Please write out the full listing beneath this line exactly, skipping its images.
━━━━━ PROVIDED DATA
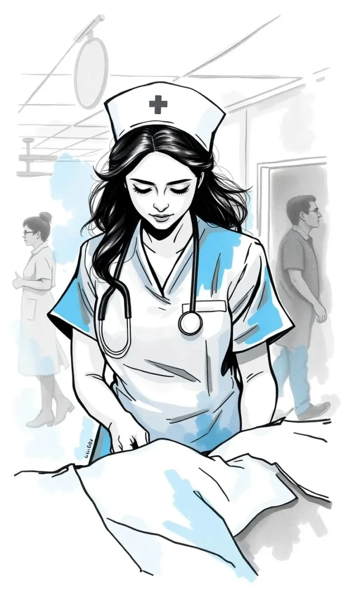 Chaque matin, elle savait que sa mission était d’apporter la lumière dans la noirceur de la souffrance humaine. Déjà, elle pouvait ressentir le poids de la journée à venir, une journée pleine de défis éreintants auquel elle devait faire face avec courage et compassion. Ses mains aux doigts longs et fins, marquées par le temps, se posèrent avec douceur sur sa tenue d’infirmière, symbole de sa vocation, et elle prit une grande inspiration, se préparant à une nouvelle bataille.
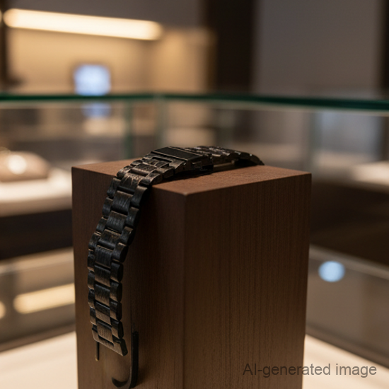 Add a touch of elegance to your timepiece with this premium black stainless steel watch strap.
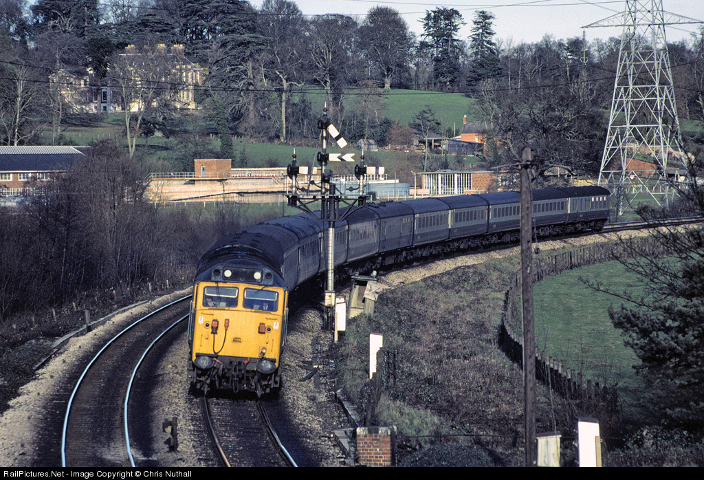Slowing for the timetable stop at Exeter St. Davids, 50021, Rodney, swings around the curve on the approach to Cowley Bridge Junction with a down Paddington service in December 1980. Unknown to the photographer at the time, within four months the subject would have changed to the D&RGW in Colorado!
━━━━━━━━━━
SOLUTION:
 Chaque matin, elle savait que sa mission était d’apporter la lumière dans la noirceur de la souffrance humaine. Déjà, elle pouvait ressentir le poids de la journée à venir, une journée pleine de défis éreintants auquel elle devait faire face avec courage et compassion. Ses mains aux doigts longs et fins, marquées par le temps, se posèrent avec douceur sur sa tenue d’infirmière, symbole de sa vocation, et elle prit une grande inspiration, se préparant à une nouvelle bataille.
 Add a touch of elegance to your timepiece with this premium black stainless steel watch strap.
Slowing for the timetable stop at Exeter St. Davids, 50021, Rodney, swings around the curve on the approach to Cowley Bridge Junction with a down Paddington service in December 1980. Unknown to the photographer at the time, within four months the subject would have changed to the D&RGW in Colorado!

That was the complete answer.